This is not a sound-bite issue. It’s a very black-and-white issue with very little gray in between. And we cannot be afraid. I think the synod is 25 days long. There is plenty of time in the course of this month to spend an entire day talking about the abuse of power within the Church and how that has led to the distrust of so many in the Body of Christ.

 

What would you like to say to the Church’s leaders about the crises that the Church faces today?

This is going to come off as really blunt, but it’s what I would say, and it’s what I have said to the faces of some priests that I’m good friends with. It’s the same thing I would say to a male student when he was kind of feeling down on his luck or scared of something. I’d look them straight in the eye and say, “Man up!” “Be a man!” In this moment, we need fathers who recognize that the children, the sheep, are hurting. We need shepherds who are protecting us against the wolves. And we need honest men who are unafraid to say, “We have done wrong, and we will never allow this to happen again, and tell us and help us understand how we can make that happen.”

I think they need to know that the Church is not going to hang you out to dry if you were honest. In fact, I would say that many of us right now want that honest father who’s unafraid to say, “We royally messed this up. We have failed astronomically; we have failed, and we need the help of the entire Body of Christ to protect against this from ever happening again.”

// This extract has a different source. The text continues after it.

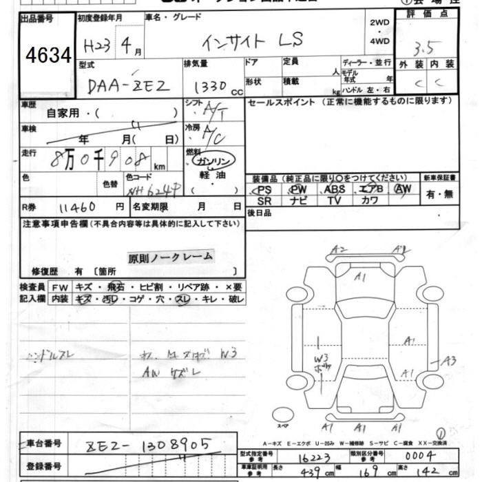 HONDA INSIGHT 2011 г., лот № 4634
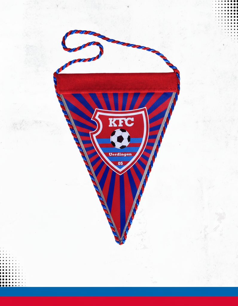 Der KFC Uerdingen Wimpel in Blau und Rot ist ein echter Hingucker, egal wo er hängt. Mit dem klaren KFC Logo und der praktischen Kordel setzt er ein Statement für echte Fans – kompakt, stylisch und direkt aus der Grotenburg.

I think it is a crisis of fatherhood because there haven’t been a whole lot of mothers allowed in the room. This is not a referendum on women’s ordination, by any means. I think women in positions of leadership and power within the Church could help with some of this. I think laymen and women in the room, religious sisters in the room, voices outside “clerics talking to clerics,” is very helpful at this moment. And I think the synod needs to talk about that. I think this document that Pope Francis dropped the other day, which said that it is no longer just bishops allowed to vote in synods, but the Pope could allow for other people, leaves room for women to have a greater voice. And I really do think that that will help the Church address this and heal from this.
 
Every single one of us has fears and is scared a little bit of our reputations being harmed, and I think right now we can look at some of the silence coming out of the Vatican as a legitimate fear of “people are going to run away because they’re going to see what we’ve done.” And what I would say to Pope Francis is, “No we’re not. We want honesty.” 

 

Going back to women in the Church — are there ways in which we can incorporate their voices in the Church without them becoming co-opted into the clerical structure?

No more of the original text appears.